## Requirement
Within the listing below, give again exactly the lines between the one containing "Veste matelassée Hilary" and the one containing "Breakaway Hockey Jersey", inclusive, pictures left aside.

## Records shown
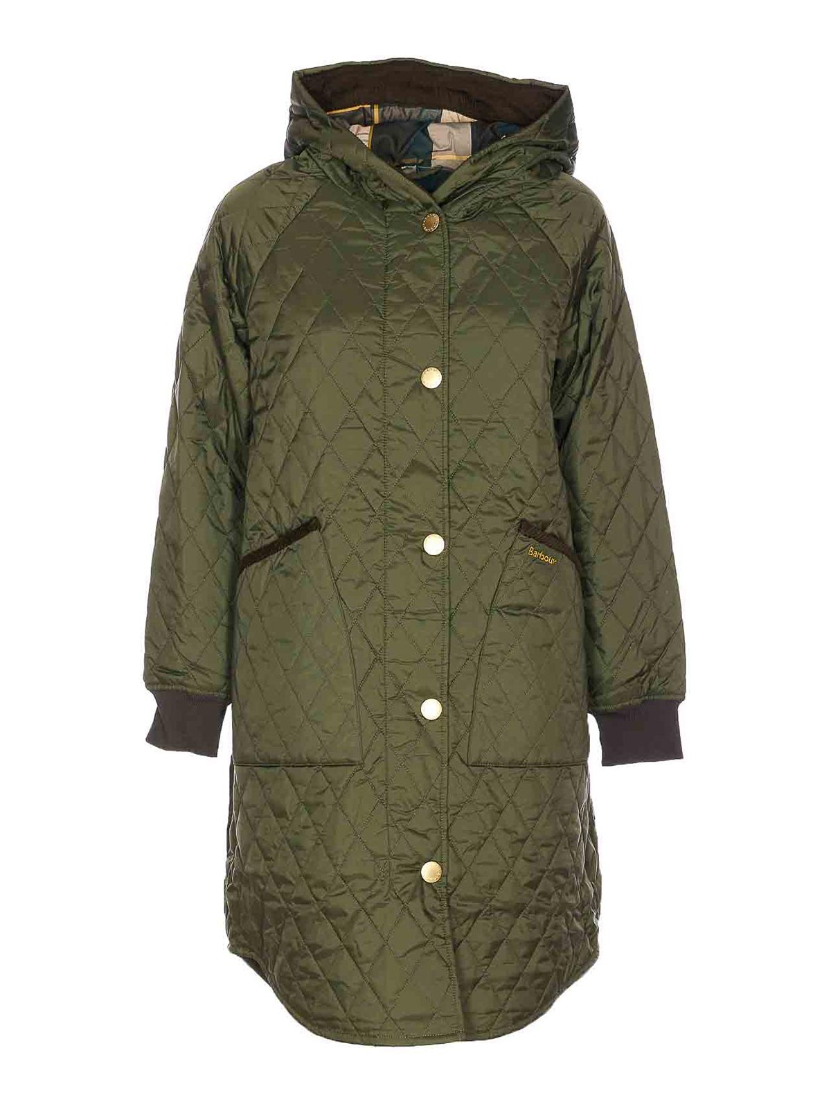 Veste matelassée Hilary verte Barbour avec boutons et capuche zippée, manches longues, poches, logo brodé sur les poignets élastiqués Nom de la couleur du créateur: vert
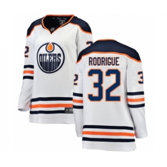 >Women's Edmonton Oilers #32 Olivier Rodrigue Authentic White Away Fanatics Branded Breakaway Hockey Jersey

==

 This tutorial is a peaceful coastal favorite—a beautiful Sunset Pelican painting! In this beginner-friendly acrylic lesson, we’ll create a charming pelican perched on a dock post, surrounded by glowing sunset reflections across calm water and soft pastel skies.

## Task solution
 Veste matelassée Hilary verte Barbour avec boutons et capuche zippée, manches longues, poches, logo brodé sur les poignets élastiqués Nom de la couleur du créateur: vert
 >Women's Edmonton Oilers #32 Olivier Rodrigue Authentic White Away Fanatics Branded Breakaway Hockey Jersey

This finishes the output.